Or is this a crazy question?

I'm 38 weeks with my first and getting fed up with:
Acid indigestion
Not sleeping at night as can't get comfy
Not being able to walk properly for any length of time without getting back ache
Generally feeling feeble, tired and achey
Feeling SO heavy

I appreciate that there are other pains/issues to deal with as a new mum, but nobody seems to mention feeling good to have their body back again/feel lighter/be able to sleep on their back etc etc

I suppose I'm looking for some encouragement and reason to believe there's light at the end of the tunnel!!!

Thanks in advance

OP’s posts: |
goodmum123 Mon 16-May-11 21:57:30

To be honest, if this is your first baby, enjoy every moment you have now and use every minute for rest and relaxation. I didnt and kept on working until 4 days before i ended up having an emcs and then had no rest and havent since (baby is now 8 months old).

After a tough time I now absolutely adore her but sometimes wish for a little bit of time for me/ one lie in which has not happened since last September. I know i sound very selfish but i found having a baby a massive shock to the system.

After 8 months though i now feel almost back to normal. I feel happy, mental capacities are back, slowly getting figure back and dont feel low (PND) anymore. So yes there is light at the end of the tunnel. Sorry for waffling but just enjoy now (even though you are uncomfortable) x

ManicAnnie Mon 16-May-11 21:58:51

How long is a piece of string? You'll get dozens of different answers. I didn't feel physically 'normal' again for nearly a year, and it was probably 2 years before I felt 'myself' again.
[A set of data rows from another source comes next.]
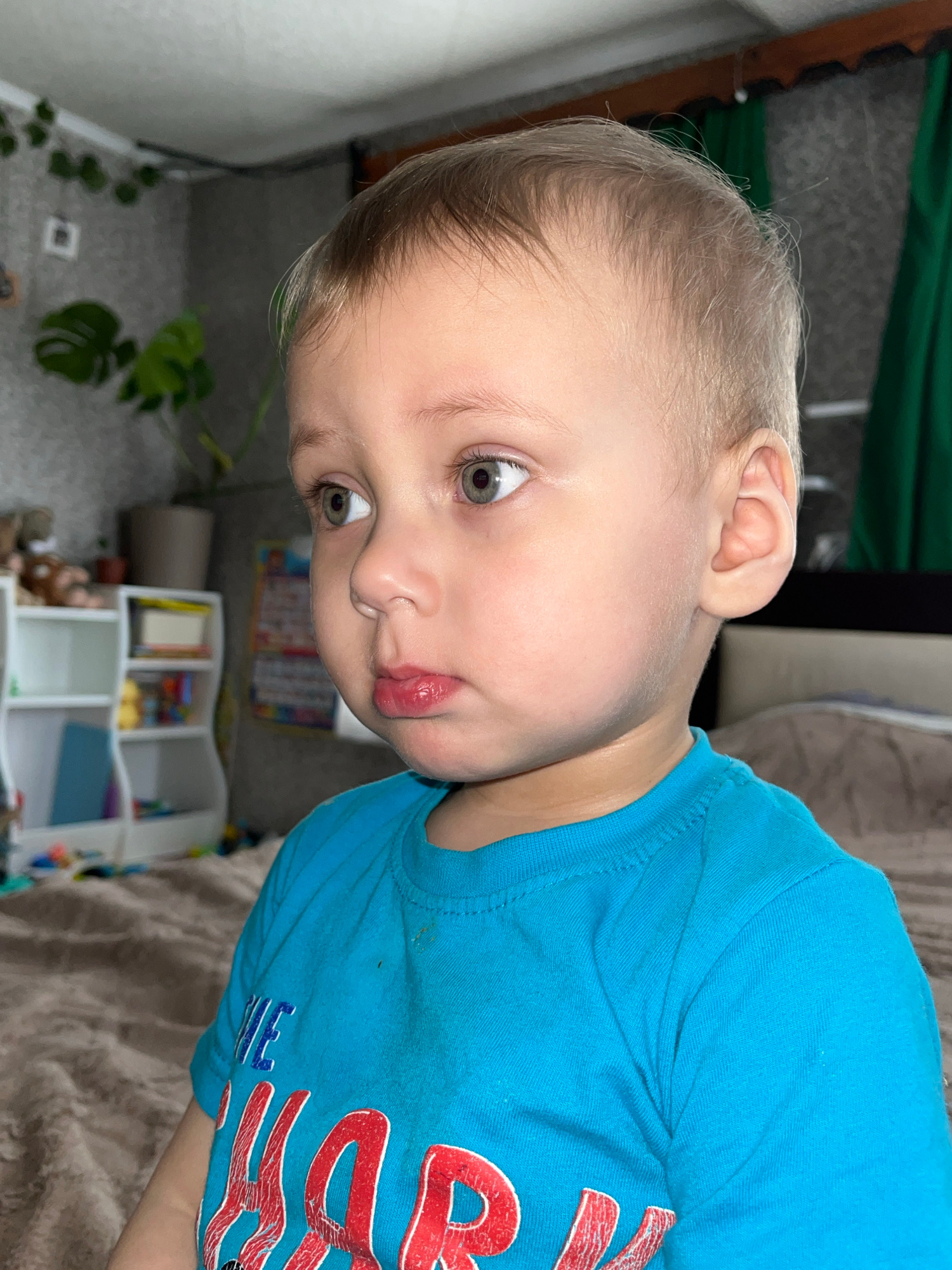 A close-up, slightly rotated shot shows a young child with blond hair and fair skin wearing a bright blue t-shirt with red and white graphics. The child's face is in focus, with light-colored eyes loo…read more
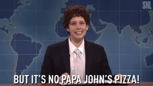 Comedian in a suit and tie delivers a line about Papa John's Pizza on Saturday Night Live.
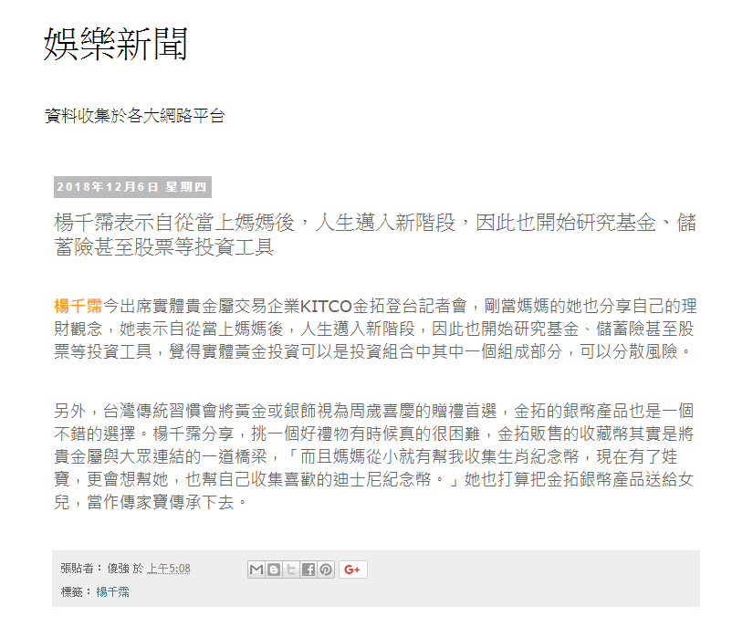 Kitco’s Launch in Taiwan_娛樂新聞(Online) 07/12/2018
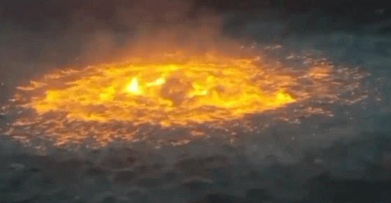 불길 솟구치더니 용암처럼 펄펄…바다에 등장한 '불구덩이' (영상)
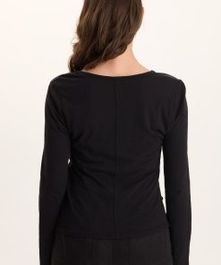 XCVI Women’s Tops Ketti Long Sleeve Twill/jersey Ruched V-neck | Black
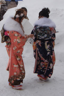 I did find the event hall and stood outside watching the 20 year olds arrive for about half an hour. Unfortunately, my camera battery died quickly in the cold, so I was only able to take a few (bad) pictures. The kimonos were beautiful. Most of the young men were wearing dark suits, but a few were wearing the men’s version of the kimono. The hairstyles for both the men and the women were elaborate, with flowers and jewelry in the hair of the women. The women all wore shoes that were like a red patent leather flip flop inside of a clog. The snow was coming down hard, landing like sparkles in their hair.

hellymelly Mon 16-May-11 22:02:58


Backinthebox Mon 16-May-11 22:26:09

From the second your baby is out of you a considerable weight is removed from your body. The combined weight of baby, amniotic fluid and placenta can be about a stone, so you will be lighter straight away. I swelled up in pregnancy, and in the days after birth each time I got rid of all the excess fluid - OH swore he could see my knees and ankles returning before his eyes, and my feet no longer hurt. I wasn't able to sleep in any comfy position at all at the end of my pregnancies - the night after each baby was born I was able to sleep comfortably on my back without the weight of my bump pressing down on me. First baby was a CS, but after second baby I was able to roll over in bed without bother that night, I had been unable to move in bed before birth without significant grunting and huffing and puffing!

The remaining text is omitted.